The root CA or trust anchor has the ability to sign and issue intermediate certificates. Intermediate certificates (also known as intermediate, subordinate, or issuing CAs) provide a flexible structure for conferring the validity of the trust anchor to additional intermediate and end-entity certificates in the chain. In this sense, intermediate certificates serve an administrative function; each intermediate can be used for a specific purpose — such as issuing SSL/TLS or code signing certificates — and can even be used to confer the root CA’s trust to other organizations.
Intermediate certificates also provide a buffer between the end-entity certificate and the root CA, protecting the private root key from compromise. For publicly trusted CAs (including SSL.com), the CA/Browser forum’s Baseline Requirements actually prohibit issuing end-entity certificates directly from the root CA, which must be kept securely offline. This means that any publicly trusted certificate’s chain of trust will include at least one intermediate certificate.

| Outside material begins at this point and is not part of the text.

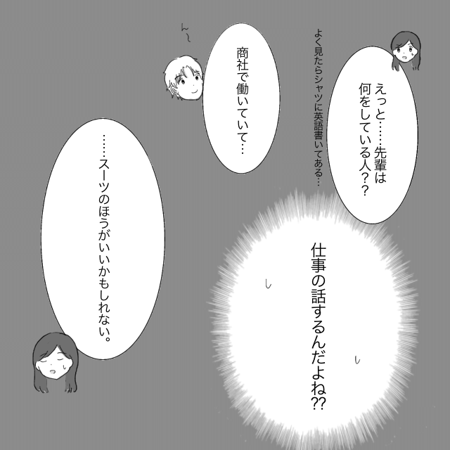 仕事の話するんだよね??と思いながら「えっと・・・先輩は何をしている人??」と聞いてみると、「商社で働いていて・・・」と言う彼。私は「・・・スーツのほうがいいかもしれない」とアドバイスしました。

What is an end-entity certificate?
The end-entity certificate is the final link in the chain of trust. The end-entity certificate (sometimes known as a leaf certificate or subscriber certificate), serves to confer the root CA’s trust, via any intermediates in the chain, to an entity such as a website, company, government, or individual person.
An end-entity certificate differs from a trust anchor or intermediate certificate in that it cannot issue additional certificates. It is, in a sense, the final link as far as the chain is concerned.
Why does a chain of trust matter?
A chain of trust ensures security, scalability, and standards compliance for CAs. It also ensures privacy, trust, and security for those who rely upon end-entity certificates, such as website operators and users.